- [Provided records]
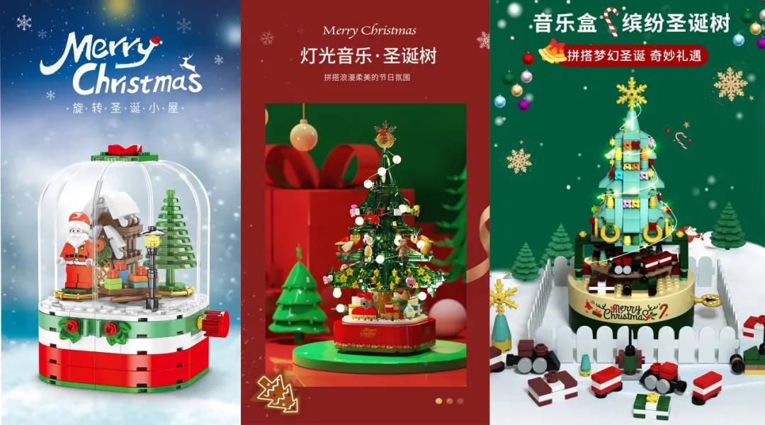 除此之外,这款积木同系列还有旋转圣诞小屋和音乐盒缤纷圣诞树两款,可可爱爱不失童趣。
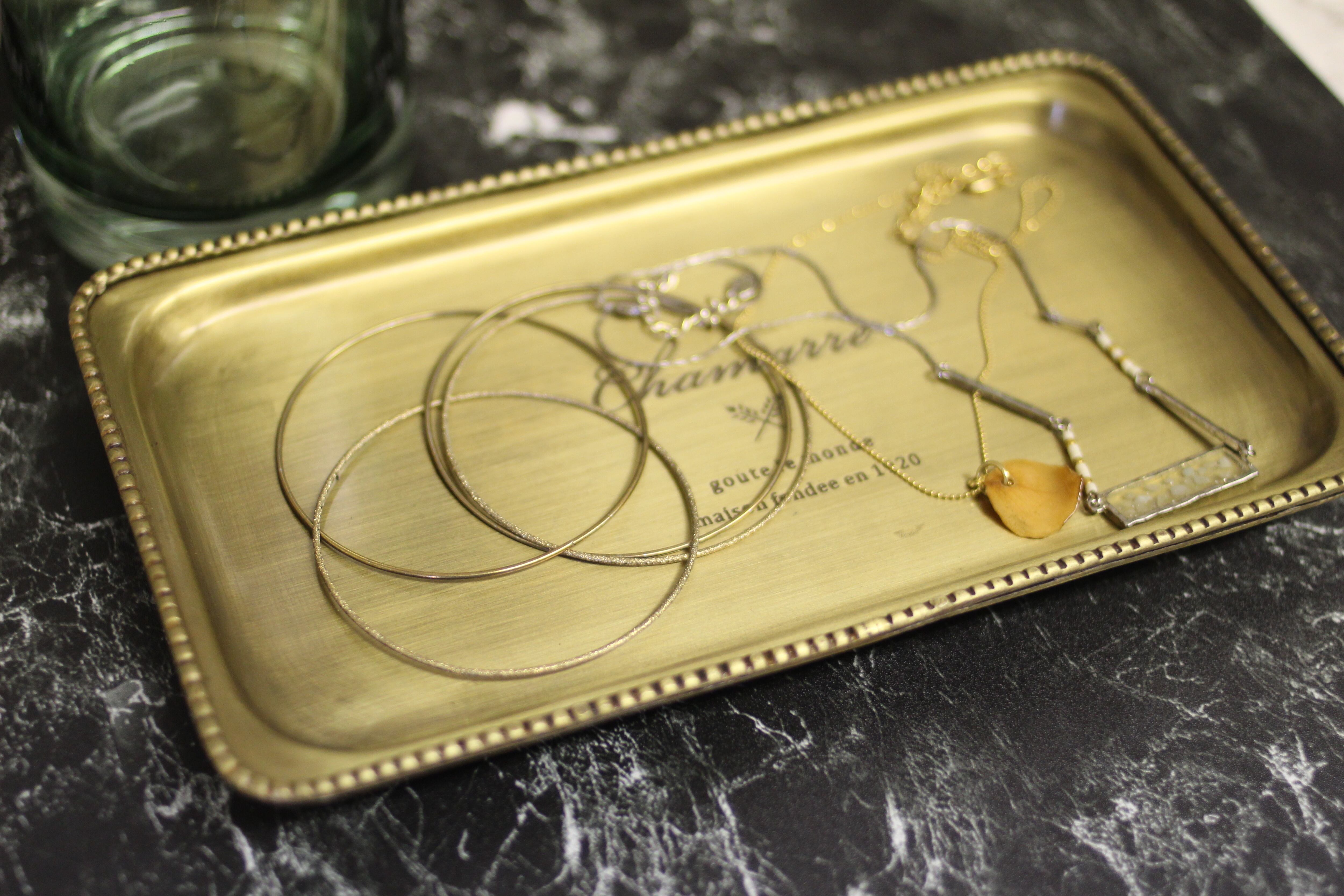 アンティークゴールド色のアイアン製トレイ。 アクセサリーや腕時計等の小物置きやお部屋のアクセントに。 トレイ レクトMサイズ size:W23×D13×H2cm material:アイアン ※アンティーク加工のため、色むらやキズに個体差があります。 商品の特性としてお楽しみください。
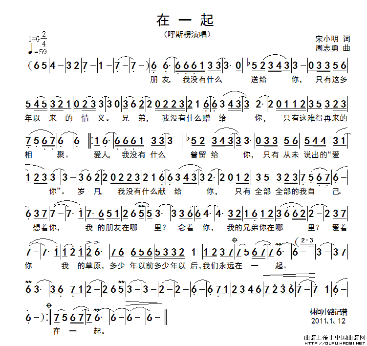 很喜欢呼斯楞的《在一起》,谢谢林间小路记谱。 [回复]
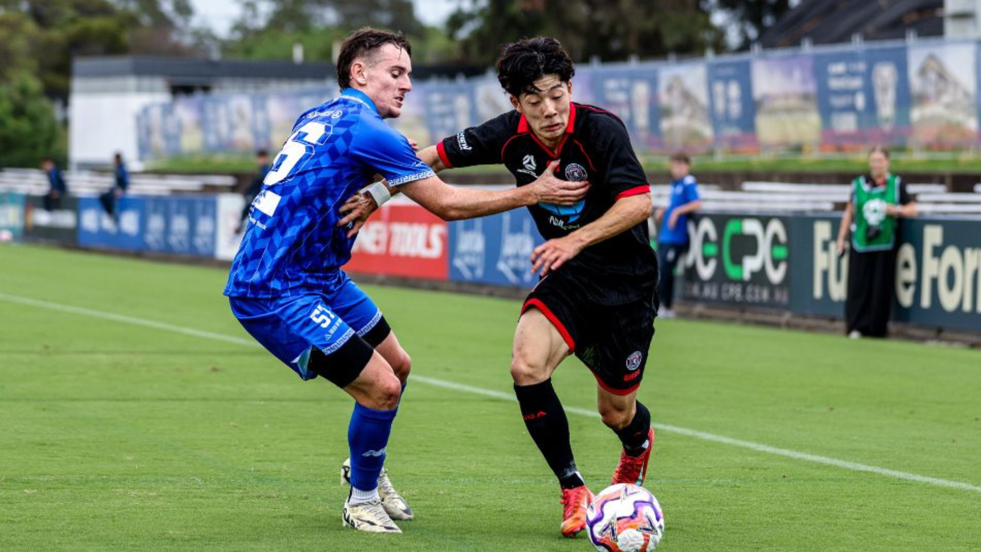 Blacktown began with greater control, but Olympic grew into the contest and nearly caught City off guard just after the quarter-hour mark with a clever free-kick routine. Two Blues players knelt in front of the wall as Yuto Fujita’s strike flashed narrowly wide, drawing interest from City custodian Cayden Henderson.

...

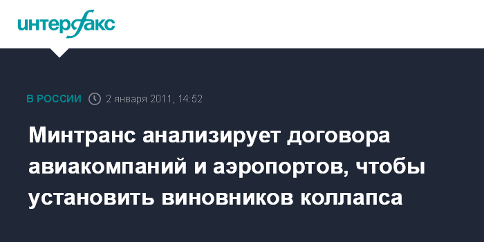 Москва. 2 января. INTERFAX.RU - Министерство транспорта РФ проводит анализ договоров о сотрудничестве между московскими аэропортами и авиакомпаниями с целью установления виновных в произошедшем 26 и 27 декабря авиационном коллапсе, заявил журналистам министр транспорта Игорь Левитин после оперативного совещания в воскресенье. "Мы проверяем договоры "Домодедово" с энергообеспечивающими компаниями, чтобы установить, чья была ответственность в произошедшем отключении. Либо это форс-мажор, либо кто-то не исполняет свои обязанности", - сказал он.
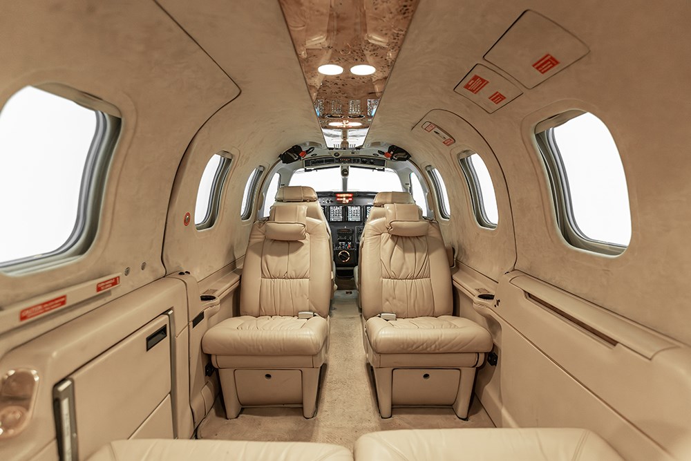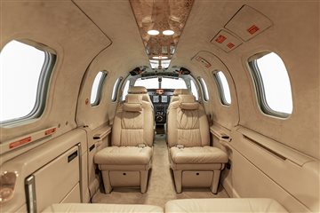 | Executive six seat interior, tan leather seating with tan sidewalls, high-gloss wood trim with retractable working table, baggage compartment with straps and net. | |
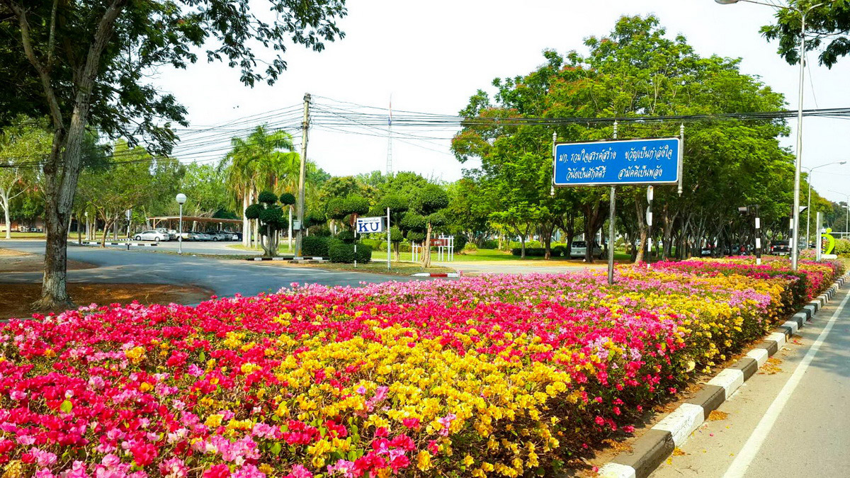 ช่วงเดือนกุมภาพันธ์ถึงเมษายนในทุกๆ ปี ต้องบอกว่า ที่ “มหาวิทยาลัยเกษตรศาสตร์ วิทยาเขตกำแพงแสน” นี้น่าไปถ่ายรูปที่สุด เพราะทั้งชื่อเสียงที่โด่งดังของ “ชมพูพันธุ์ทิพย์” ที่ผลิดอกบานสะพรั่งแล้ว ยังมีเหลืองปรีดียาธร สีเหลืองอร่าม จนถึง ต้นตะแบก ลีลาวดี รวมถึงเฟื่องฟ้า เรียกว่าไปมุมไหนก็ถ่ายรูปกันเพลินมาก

---

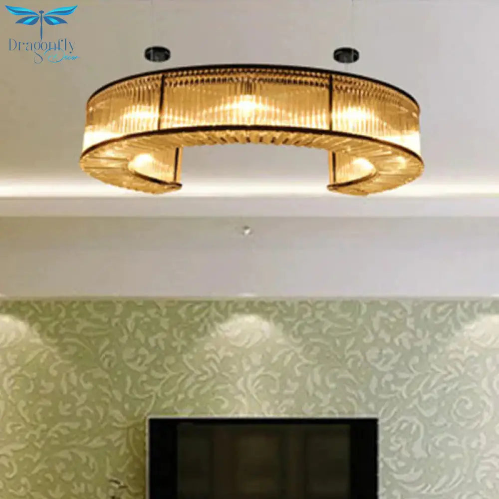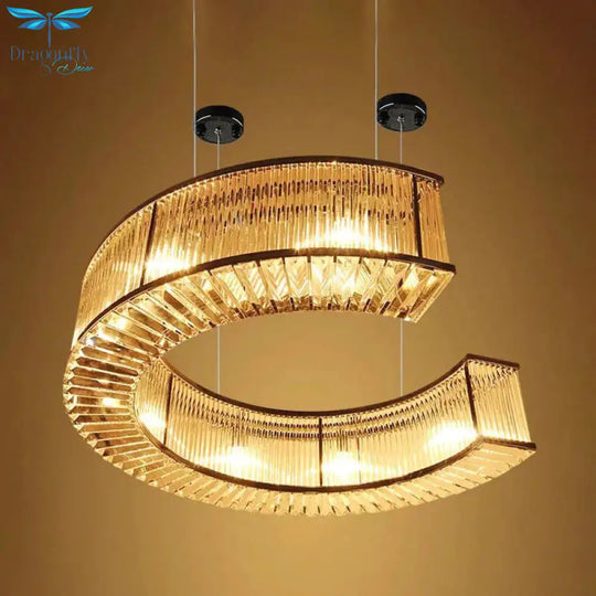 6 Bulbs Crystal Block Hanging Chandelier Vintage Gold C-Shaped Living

- [Problem description]
Restate word for word the lines of the data above that begin at the line with "and net. | |" and end at the line with "ช่วงเดือนกุมภาพันธ์ถึงเมษายนในทุกๆ ปี ต้องบอกว่า", keeping both ends and dropping every picture.

- [Expected output]
 | Executive six seat interior, tan leather seating with tan sidewalls, high-gloss wood trim with retractable working table, baggage compartment with straps and net. | |
 ช่วงเดือนกุมภาพันธ์ถึงเมษายนในทุกๆ ปี ต้องบอกว่า ที่ “มหาวิทยาลัยเกษตรศาสตร์ วิทยาเขตกำแพงแสน” นี้น่าไปถ่ายรูปที่สุด เพราะทั้งชื่อเสียงที่โด่งดังของ “ชมพูพันธุ์ทิพย์” ที่ผลิดอกบานสะพรั่งแล้ว ยังมีเหลืองปรีดียาธร สีเหลืองอร่าม จนถึง ต้นตะแบก ลีลาวดี รวมถึงเฟื่องฟ้า เรียกว่าไปมุมไหนก็ถ่ายรูปกันเพลินมาก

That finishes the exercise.